# G17 Vs P30



## dieselman (Jul 16, 2008)

I have recently purchases a G22 and love it. Im now looking at getting a 9mm for range/target shooting to make it a little cheaper for ammo. What are some opinions on the G17 vs the HK P30. I havent had a chance to shoot the P30 but have read alot of great things about it. Would it be worth the extra money over the GLOCK, or is it kind of a half dozen one way, six the other? Thanks for any responses


----------



## mike#9 (Jul 14, 2008)

I have not had a chance to shoot the P30...but I have shot the G17. Based purely off of refinement, overall comfort, fit & finish.....the P30 is the obvious choice. I dry fired the P30....and I liked the trigger better.

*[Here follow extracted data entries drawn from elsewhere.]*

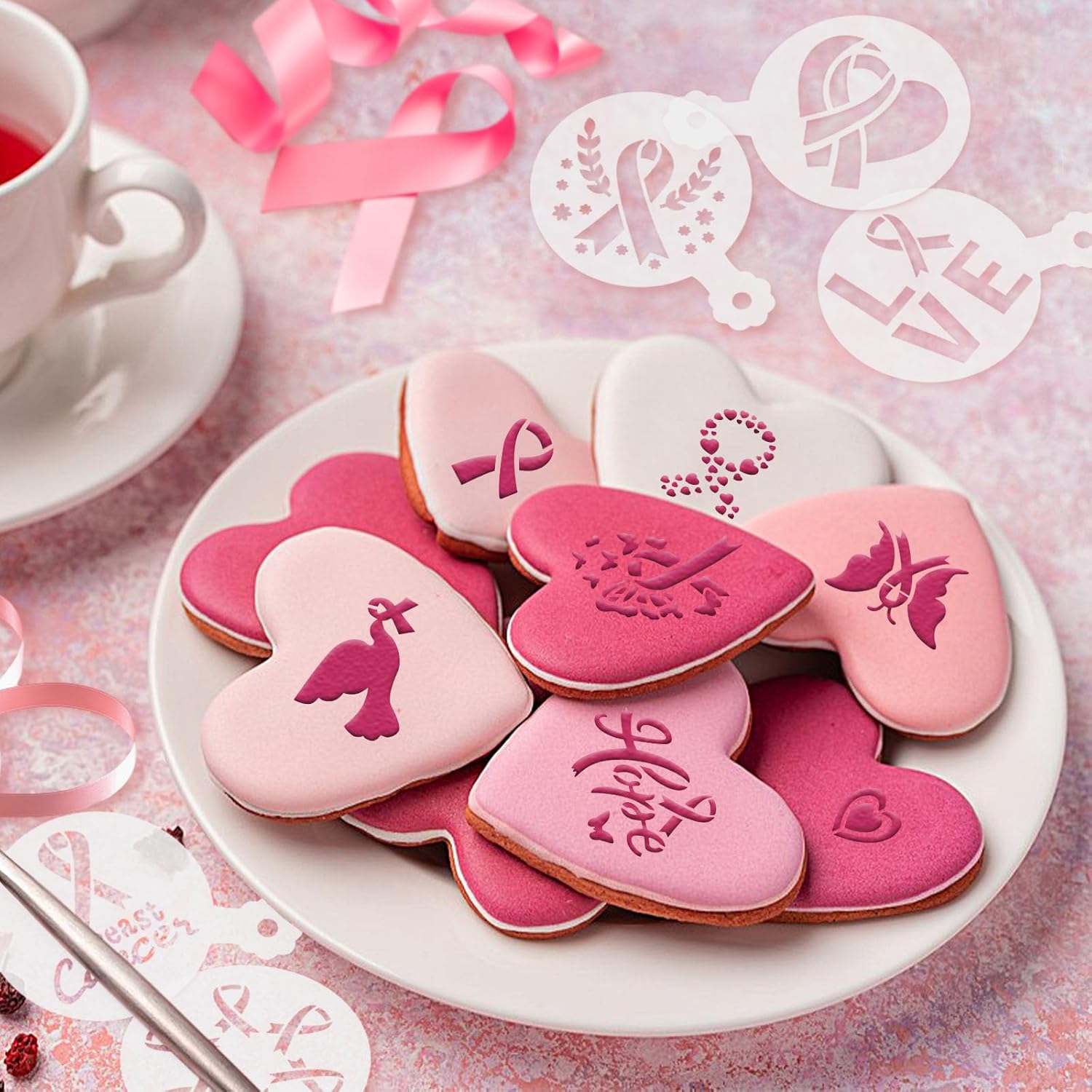 - 【Size and Material】The breast cancer awareness cookie stencils are 2.76 inches in diameter. The cake stencils are made of food-grade security PET, which is strong and durable. Stencils templates are laser-cut, have no sharp edges and are safe for you to use. These breast cancer awareness cookie stencils are suitable for food preparation. Wash the stencils templates with soap and water after each use for easy storage and next use
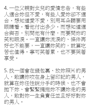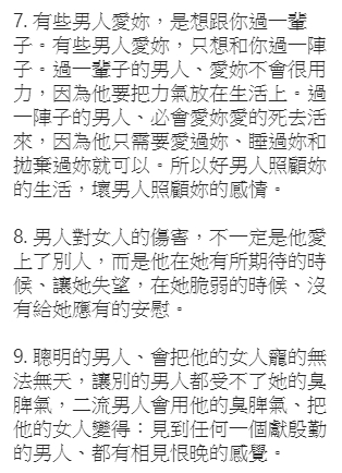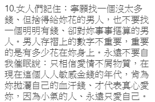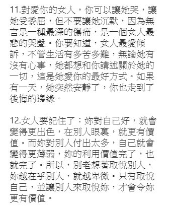 文末也感性的做了一個總結,「女人要記住了,妳對自己好,就會變得更出色,在別人眼裏,就更有價值!」提醒各位女性朋友,「別老想著取悅別人,妳越在乎別人,就越卑微。只有取悅自己,並讓別人來取悅妳,才會令妳更有價值。」、「一輩子不長,記得對自己好一點。
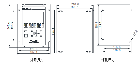 本装置为嵌入式安装方式,可以集中安装于控制室的屏或柜上,也可分散安装于开关柜上。
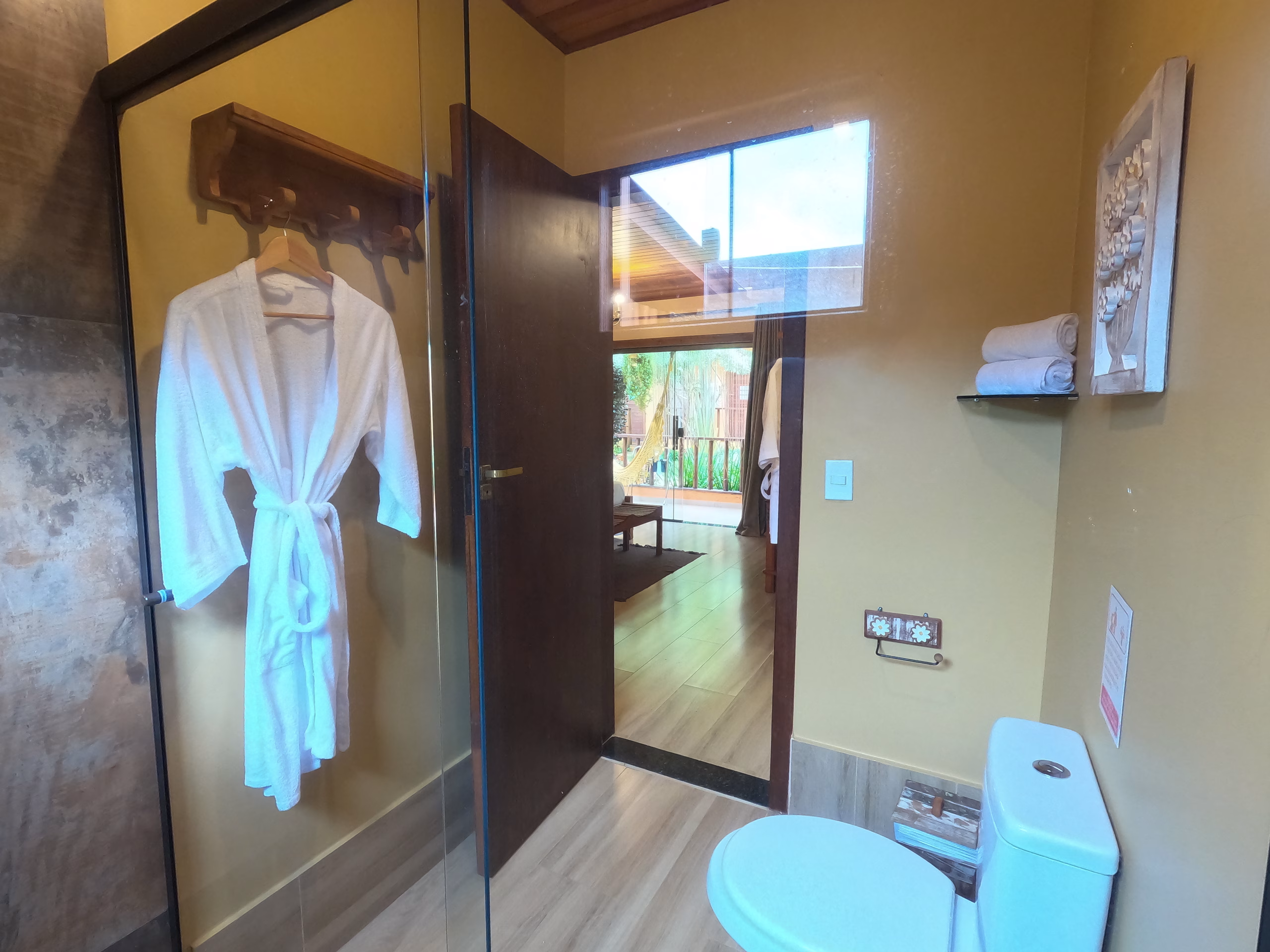 banheiro privativo com agua quente solar no lavatório e chuveiro e roupões atoalhados.

I think that I am going with the XD9.....as opposed to the P30 b/c of the cost difference.

Mike


----------



## Mike Barham (Mar 30, 2006)

If the point is cheaper practice with something that replicates your defense gun, the Glock is the obvious choice. You might also look into converting your 22 to 9mm for range practice.


----------



## dieselman (Jul 16, 2008)

There were two reasons. Yes to save money for the range/ and also to see what else is out there. I always want new/different things to see whats the best(for me at least), and the only semi auto handguns ive shot have been a GLOCK and an XD(went with the GLOCK), so im curious. Ive read awesome things about teh P30 but then I got to thinking. I shoot really well with a GLOCK and know its going to fire everytime I pull the trigger without a problem, so why spend several hundred dollars more on something that does the same thing? Needless to say I will be going with a G17. I would just get the conversion barell but then that just keeps my gun count at one, I want more!!:smt082


----------